Merz Calls for International Exchange Rate Negotiations, Says Yuan Undervalued by 30%
Alina Collins
German Chancellor Friedrich Merz said after the EU summit that the bloc is competing against a country whose currency is undervalued by up to 30%, calling for Plaza Accord-style multilateral exchange-rate negotiations — a clear reference to China's renminbi, with strong U.S. backing already secured.
What exactly did Merz say?
Speaking in Brussels after the EU summit, Merz said the EU faces a competitor whose currency is undervalued by up to 30%.
He did not name China directly, but the renminbi is widely understood to be the target.
This means → the leader of Europe's largest economy is elevating exchange rates from a technical debate to a political agenda item.
Why invoke the 1985 Plaza Accord?
The Plaza Accord — a 1985 deal in which finance ministers from the U.S., Japan, Germany, France, and the U.K. coordinated to push the dollar lower — remains the landmark case for multilateral currency intervention.

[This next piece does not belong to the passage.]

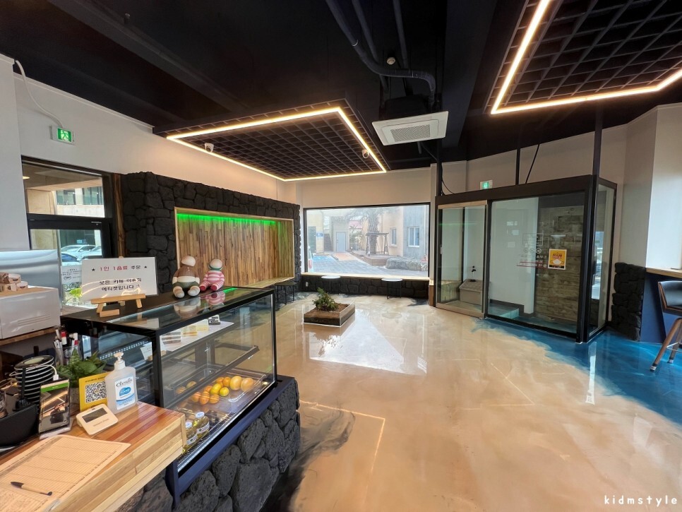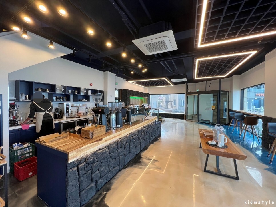 1층에서 음료가 만들어진다. 자세히 보면 바닥이 모래와 파도처럼 그려져 있다. 전반적으로 개방감이 있어서 괜찮은 것 같다.

Merz was explicit: "That is also the direction I have in mind now."
In plain terms = he wants to replay the 40-year-old playbook — major economies sitting down and negotiating currencies back to "fair value."
Where does Washington stand?
Merz said his push at the G7 meeting earlier this week received strong U.S. support.
Bipartisan U.S. senators wrote to Treasury Secretary Scott Bessent this week, urging G7-level coordination to pressure China.
Their language — "deliberately depressing its currency for commercial advantage" — This means → both parties in Washington have aligned on the renminbi question, a rare point of consensus.
What else did Merz target?
He argued that when subsidies are systematically poured into overcapacity, and the whole picture is paired with a currency that is not freely convertible and effectively outside capital markets, "these competitive distortions are ones we cannot accept."
In plain terms = Merz's logic chain is: subsidies + overcapacity + currency controls = a triple layer of unfair competition — not just an exchange-rate complaint.
Why is the EU itself hesitant?
The EU depends on China for critical raw materials and intermediate goods, and does not want to trigger a trade war.
The summit's conclusion — tasking the European Commission with "continuing dialogue while strengthening trade-defence tools" — This reflects a Europe caught between wanting leverage and fearing blowback.
This means → Brussels's current strategy is to negotiate while reinforcing defences, not to force a showdown.
Why is Beijing unlikely to budge easily?
Economists note that Beijing remains deeply wary of what followed the Plaza Accord: the yen's rapid appreciation fuelled asset bubbles and financial turmoil in Japan.
China's own 2015 one-off renminbi devaluation rattled global markets and shook confidence in Beijing's ability to manage its currency.
In plain terms = whether it is someone else's cautionary tale or its own, Beijing has ample reason to resist any abrupt currency adjustment.
Content is for reference only, not financial advice.